--- GIVEN ENTRIES ---

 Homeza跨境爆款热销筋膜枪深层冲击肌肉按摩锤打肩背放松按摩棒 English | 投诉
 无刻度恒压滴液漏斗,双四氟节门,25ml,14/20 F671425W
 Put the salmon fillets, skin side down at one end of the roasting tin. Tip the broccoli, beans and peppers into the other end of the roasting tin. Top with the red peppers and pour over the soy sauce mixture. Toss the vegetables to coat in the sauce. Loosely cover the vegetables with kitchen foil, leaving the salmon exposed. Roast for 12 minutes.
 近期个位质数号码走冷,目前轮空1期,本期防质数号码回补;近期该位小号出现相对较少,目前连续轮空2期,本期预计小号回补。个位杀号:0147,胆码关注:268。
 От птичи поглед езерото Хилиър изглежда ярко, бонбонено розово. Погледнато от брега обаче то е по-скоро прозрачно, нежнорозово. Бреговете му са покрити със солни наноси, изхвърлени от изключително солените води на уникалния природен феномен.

---
--- GIVEN ENTRIES ---

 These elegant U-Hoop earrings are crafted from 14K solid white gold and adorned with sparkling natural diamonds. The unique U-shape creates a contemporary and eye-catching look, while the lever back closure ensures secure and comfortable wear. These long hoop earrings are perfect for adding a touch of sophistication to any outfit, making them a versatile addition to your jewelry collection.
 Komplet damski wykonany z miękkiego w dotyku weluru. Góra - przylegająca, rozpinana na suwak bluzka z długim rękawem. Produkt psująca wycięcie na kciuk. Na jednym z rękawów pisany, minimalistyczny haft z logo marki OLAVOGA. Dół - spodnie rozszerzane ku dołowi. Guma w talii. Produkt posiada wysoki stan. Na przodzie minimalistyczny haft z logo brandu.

---

Your task for the entries above: copy exactly the span starting with the line with "无刻度恒压滴液漏斗,双四氟节门,25ml,14/20 F671425W" and going on through the line with "От птичи поглед", both lines included, and nothing else.

 无刻度恒压滴液漏斗,双四氟节门,25ml,14/20 F671425W
 Put the salmon fillets, skin side down at one end of the roasting tin. Tip the broccoli, beans and peppers into the other end of the roasting tin. Top with the red peppers and pour over the soy sauce mixture. Toss the vegetables to coat in the sauce. Loosely cover the vegetables with kitchen foil, leaving the salmon exposed. Roast for 12 minutes.
 近期个位质数号码走冷,目前轮空1期,本期防质数号码回补;近期该位小号出现相对较少,目前连续轮空2期,本期预计小号回补。个位杀号:0147,胆码关注:268。
 От птичи поглед езерото Хилиър изглежда ярко, бонбонено розово. Погледнато от брега обаче то е по-скоро прозрачно, нежнорозово. Бреговете му са покрити със солни наноси, изхвърлени от изключително солените води на уникалния природен феномен.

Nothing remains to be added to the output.